Listed entries »

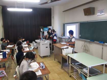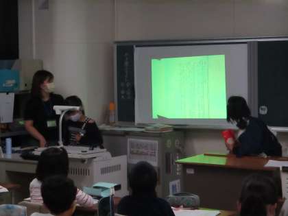 4年生の国語では、町の住人になりきって町やまわりの様子を紹介する文章を書いて、発表しました。ノートにきちんと書けているので、書画カメラで写しながら発表がしっかりできました。
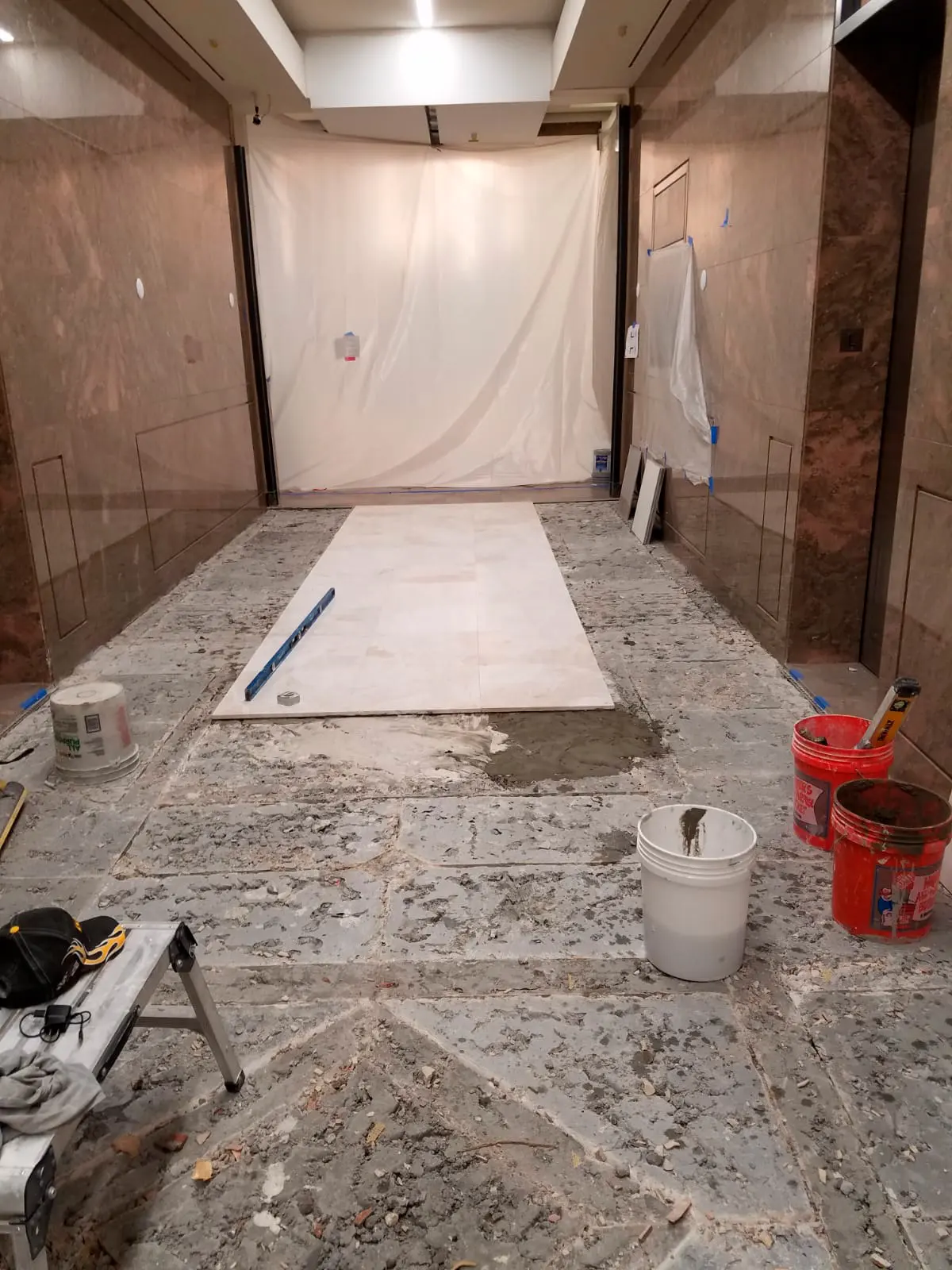 The Project was conducted under the general supervision of Mike Miller (Stiles Construction Co.) and consisted on the remodeling of the lobby floor including corridors and elevators (approximately 2000 square feet).
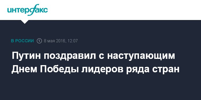 Москва. 8 мая. INTERFAX.RU - Президент России Владимир Путин поздравил лидеров Азербайджана, Армении, Белоруссии, Казахстана, Киргизии, Молдавии, Таджикистана, Туркменистана, Узбекистана, Абхазии, Южной Осетии, а также граждан Грузии и Украины с 71-й годовщиной Победы в Великой Отечественной войне, сообщила пресс-служба Кремля.
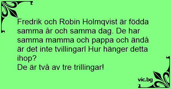 Fredrik och Robin Holmqvist är födda samma år och samma dag. De har samma mamma och pappa och ändå är det inte tvillingarl Hur hänger detta ihop?
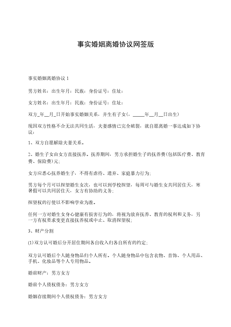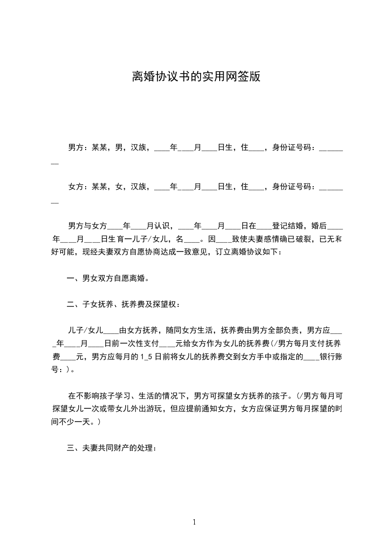 男方与女方____年____月认识,____年____月____日在____登记结婚,婚后____年____月____日生育一儿子/女儿,名____。因____致使夫妻感情确已破裂,已无和好可能,现经夫妻双方自愿协商达成一致意见,订立离婚协议如下:
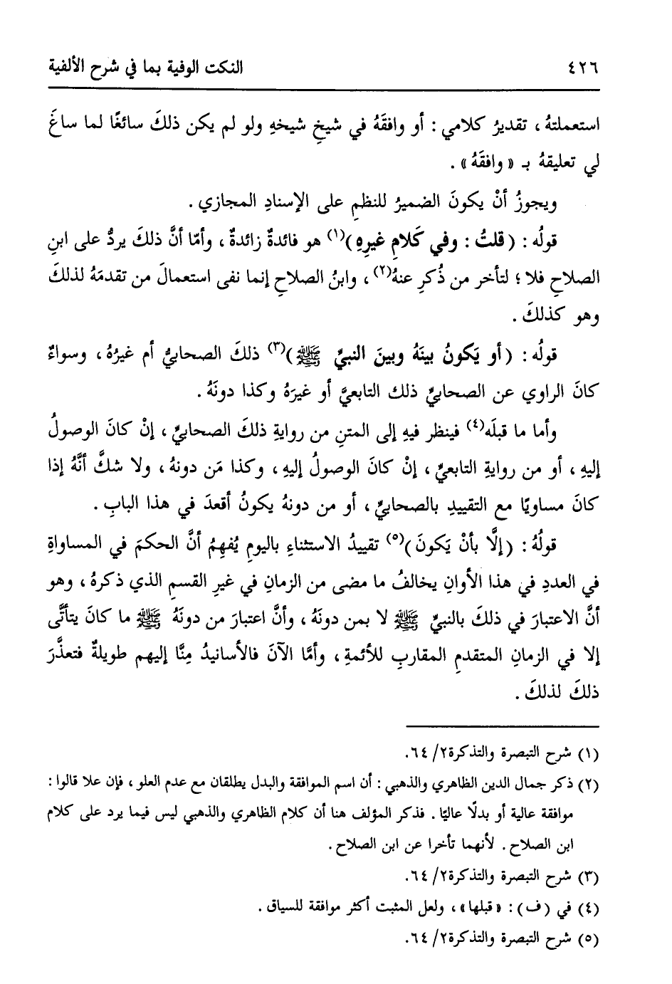 (¬2) ذكر جمال الدين الظاهري والذهبي: أن اسم الموافقة والبدل يطلقان مع عدم العلو، فإن علا قالوا: موافقة عالية أو بدلاً عالياً. فذكر المؤلف هنا أن كلام الظاهري والذهبي ليس فيما يرد على كلام ابن الصلاح. لأنهما تأخرا عن ابن الصلاح.
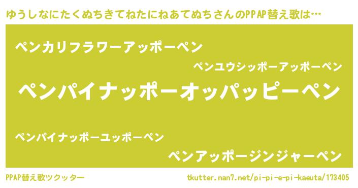 | 欧米人風あだ名 | 『ゆうしなにたくぬちきてねたにねあてぬち・ステッグマイヤー』 |
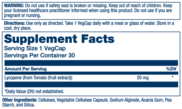 - Delivers 20 mg of lycopene for cardiovascular and prostate support*
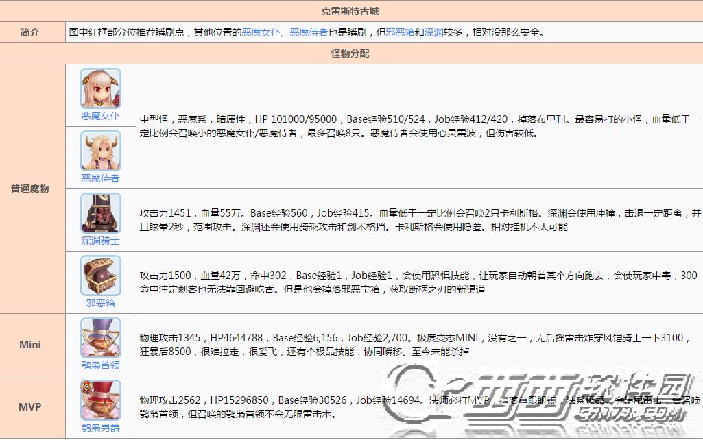 这就是西西给大家整理的魔物及刷怪点了,更多游戏资讯请继续关注西西软件园!
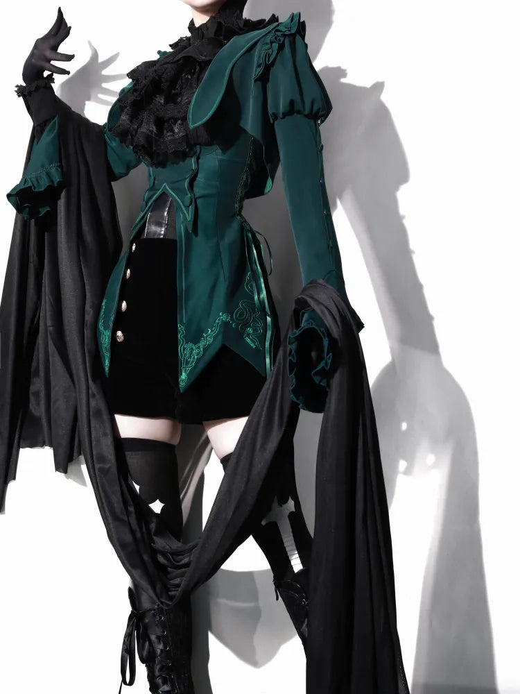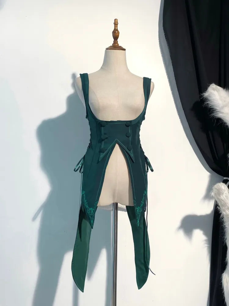 このキュートなグリーンのアンダーバストレースアップサイドウエストコートは、どんな装いにも甘さをプラス。サイドのレースアップディテールが体のラインを美しく包み込み、ウエストを強調してスタイルアップ効果も抜群。どんなシーンにもぴったりの、チャーミングなウエストコートで、アンサンブルを完成させましょう。

Exercise details » Reprint the listing above exactly, without images.

Completed exercise »
 4年生の国語では、町の住人になりきって町やまわりの様子を紹介する文章を書いて、発表しました。ノートにきちんと書けているので、書画カメラで写しながら発表がしっかりできました。
 The Project was conducted under the general supervision of Mike Miller (Stiles Construction Co.) and consisted on the remodeling of the lobby floor including corridors and elevators (approximately 2000 square feet).
 Москва. 8 мая. INTERFAX.RU - Президент России Владимир Путин поздравил лидеров Азербайджана, Армении, Белоруссии, Казахстана, Киргизии, Молдавии, Таджикистана, Туркменистана, Узбекистана, Абхазии, Южной Осетии, а также граждан Грузии и Украины с 71-й годовщиной Победы в Великой Отечественной войне, сообщила пресс-служба Кремля.
 Fredrik och Robin Holmqvist är födda samma år och samma dag. De har samma mamma och pappa och ändå är det inte tvillingarl Hur hänger detta ihop?
 男方与女方____年____月认识,____年____月____日在____登记结婚,婚后____年____月____日生育一儿子/女儿,名____。因____致使夫妻感情确已破裂,已无和好可能,现经夫妻双方自愿协商达成一致意见,订立离婚协议如下:
 (¬2) ذكر جمال الدين الظاهري والذهبي: أن اسم الموافقة والبدل يطلقان مع عدم العلو، فإن علا قالوا: موافقة عالية أو بدلاً عالياً. فذكر المؤلف هنا أن كلام الظاهري والذهبي ليس فيما يرد على كلام ابن الصلاح. لأنهما تأخرا عن ابن الصلاح.
 | 欧米人風あだ名 | 『ゆうしなにたくぬちきてねたにねあてぬち・ステッグマイヤー』 |
 - Delivers 20 mg of lycopene for cardiovascular and prostate support*
 这就是西西给大家整理的魔物及刷怪点了,更多游戏资讯请继续关注西西软件园!
 このキュートなグリーンのアンダーバストレースアップサイドウエストコートは、どんな装いにも甘さをプラス。サイドのレースアップディテールが体のラインを美しく包み込み、ウエストを強調してスタイルアップ効果も抜群。どんなシーンにもぴったりの、チャーミングなウエストコートで、アンサンブルを完成させましょう。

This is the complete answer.